COPY install.R install.R
RUN ...
  && Rscript -e "source('install.R')" \
  ...
maurolepore commented 3 years ago

Thanks CJ. I'll close this PR to let @jdhoffa be part of the process, as him and @AlexAxthelm recently expressed interest in improving our Docker infrastructure.

In any case, here are my answers to your questions/comments:

I don't really understand the purpose of this.

The purpose is to describe the R packages we need independently from everything else. I note my approach here is already too prescriptive, as it describes not only which packages to install but also how to install them (with install.packages()). A more pure approach may be to list the packages alone, e.g. in a DESCRIPTION file or a .json file as renv does.

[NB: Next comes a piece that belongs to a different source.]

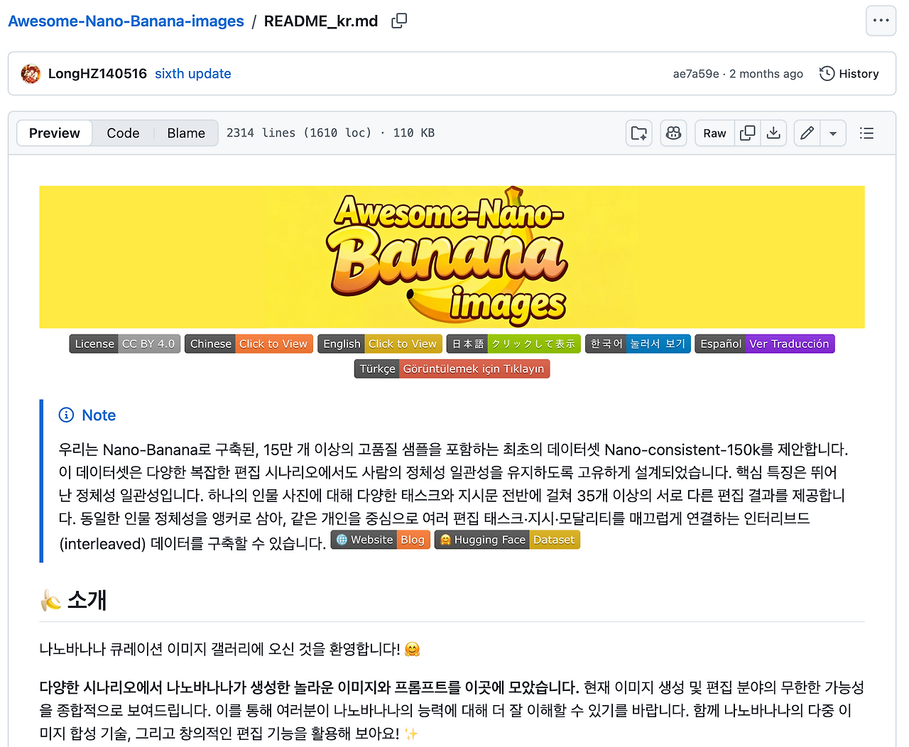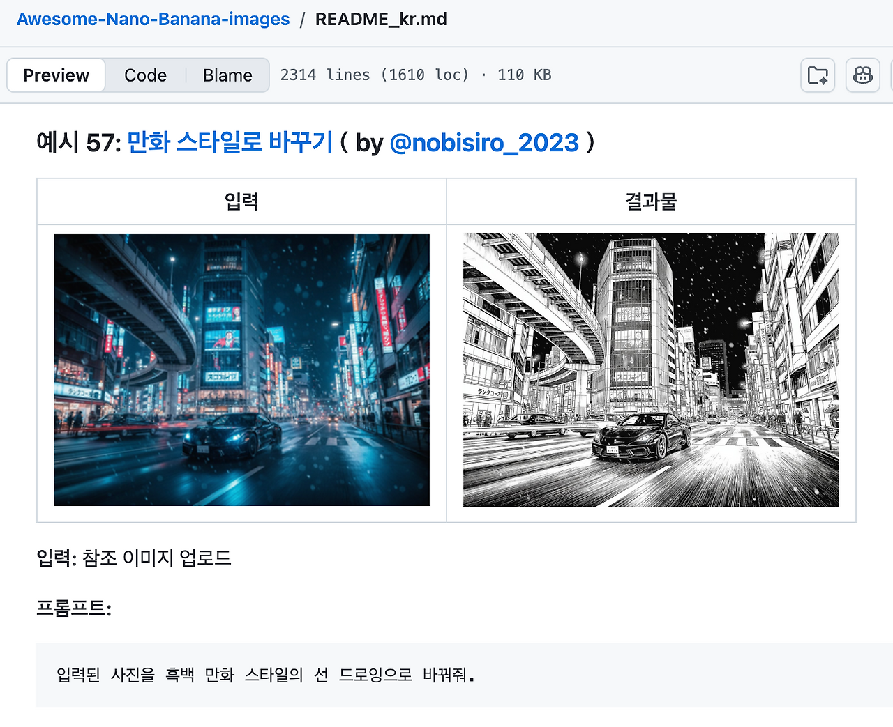 110개의 나노바나나 활용 사례와 함께, 바로 써볼 수 있는 한글 프롬프트를 직접 확인할 수 있습니다. GitHub 페이지로 잘 정리돼 있어 앞으로도 꾸준한 업데이트가 기대되고요. 현실감 있는 사진부터 일러스트, 카툰까지 다양한 스타일의 이미지를 어떻게 생성하고 변환할지 아이디어를 얻는 데 큰 도움이 됩니다.

Isn't the fundamental idea of a Docker script that you can document a complete "recipe" for the computing environment you want in one script/place? So, extracting part of that and putting it elsewhere seems antithetical, no?

I've seen Dockerfiles in the wild that call external scripts. I like that approach if it makes the image more reusable, or the Dockerfile more readable.

cjyetman commented 3 years ago

thanks for the explanation.... I guess part of it is that I'm not sure what determines which packages that are needed here... if it's the PACTA_analysis repo, or even more specifically the transitionmonitor.com Docker image, than maybe it makes sense to have the dependent packages documented in some machine readable way over there... but I was a bit confused about having a Docker file and an R script like this side-by-side

maybe I interpreted "reuse it from elsewhere" wrong, and that's meant more to mean you want that part of the dockerfile (the install packages bit) to be accessible and easily useable from somewhere else... like some other repo could source this R script remotely? 🤷🏻

AlexAxthelm commented 3 years ago

I see a few different ways this could go (roughly in order of my preference):

  1. Define dependencies as part of DESCRIPTION, and let R's package management handle everything
  2. Define dependencies in the Dockerfile, and switch to devtools::install_version() to pin package versions
  3. Use a script like this to define dependencies, preferably with version pinning (in the dockerfile)
  4. Define dependencies in dockerfile using install.packages
cjyetman commented 3 years ago

I see a few different ways this could go (roughly in order of my preference):

  1. Define dependencies as part of DESCRIPTION, and let R's package management handle everything
  2. Define dependencies in the Dockerfile, and switch to devtools::install_version() to pin package versions
  3. Use a script like this to define dependencies, preferably with version pinning (in the dockerfile)
  4. Define dependencies in dockerfile using install.packages

Have you considered renv or packrat as an option?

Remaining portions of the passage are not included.